I think if I train the model with individual examples, then the problem could be relieved. However, the downside is that it could be time-consuming.

Anyway, I will try to update another file that will use attention mechanism.

See you in another Colab file

see you in the next week?

I have to take care the new baby in my family. so in the weekend, I didnot have the time to adjust my code, and train the model. I will try to do that in the next week. see you then.

I know, this is a small project, I just want to write those projects to be more familiar with the NLP, which is helpful for me in my future phd study.


I finally found the where the problem.

first I should not only use the final hidden state of the encoder.

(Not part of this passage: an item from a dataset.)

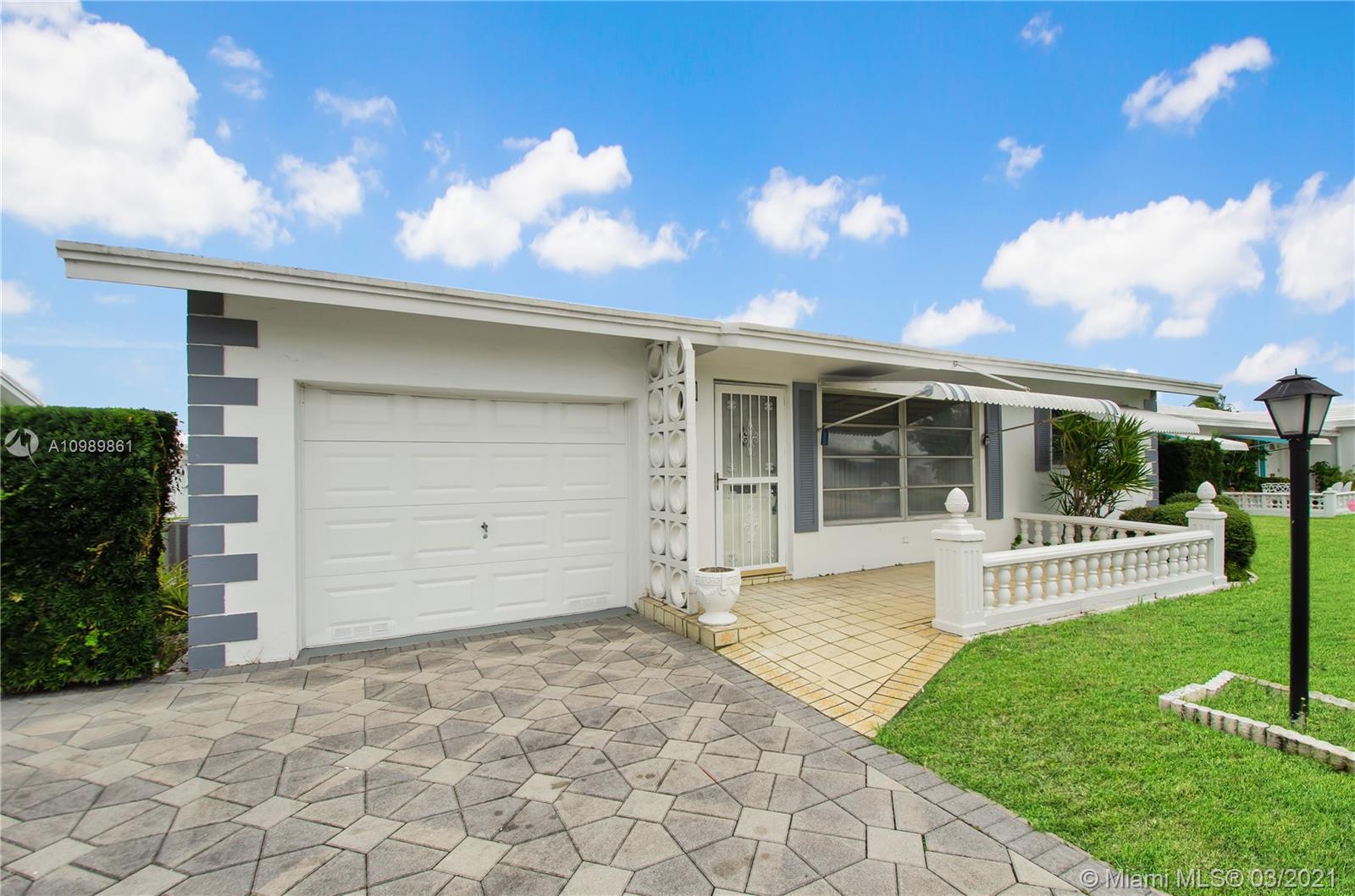 BACK ON THE MARKET! Beautiful 2/1+ 1 car garage. Located in a 55+ community, nicely remodeled with vinyl floors throughout, white kitchen cabinets with granite countertops, re-roof was done in 2013, central A/C unit from 2014, freshly painted, stainless steel kitchen appliances. Laundry room and storage cabinets inside the garage. Very peaceful neighborhood, very well located community. No land lease, association $232/month includes water/sewer, exterior and roof painting, free golf, courtesy bus, and a community pool. Must See! Previous file didn't go through due to buyer financing.

I should concate all the hidden state, and convert them into decoder.

second for the decoder, for the prediction, the predicted character should be conditioned by the previous characters, the current state, and the state of the encoder.

third, it is for the loss function. when I calcualte the loss, if encounter the padding, I should stop, because the error in the loss could cause the model to go at the wrong direction.

okay, I will ask for more advices from chatGPT, continue this project.

one more thing to mention is that, by doing the second step, I could easily add the attention machaism between the encoder and the decoder.

Now
I changed some code in here, but the performance is still poor.
what I change:
1: use the final hidden state of the encoder, when predict the next token.
2: when calculating the loss function, remove the padding tokens.


okay, I think I could pause now,
I will create another file to run the seq-2seq with attention, and check its performance. then use the transformers.

if the performance is still poor, then I will use the word-level token not the character level.

see you

I have changed the approach in which the hidden_state of the encoder influlence the decoder prediction, but the performance is still poor.
before using the word-level token, I will debug the training.
let see.

after debugging, I finnaly find the clue why the perforamcne is poor
after each training step. the return result of the forward function is [T,B,C].
when I use view(-1,C) to feed into the criterion. but then the order of the tokens is wrong. So I use permute to reshape the result.

the result is still not perfect, but get better know.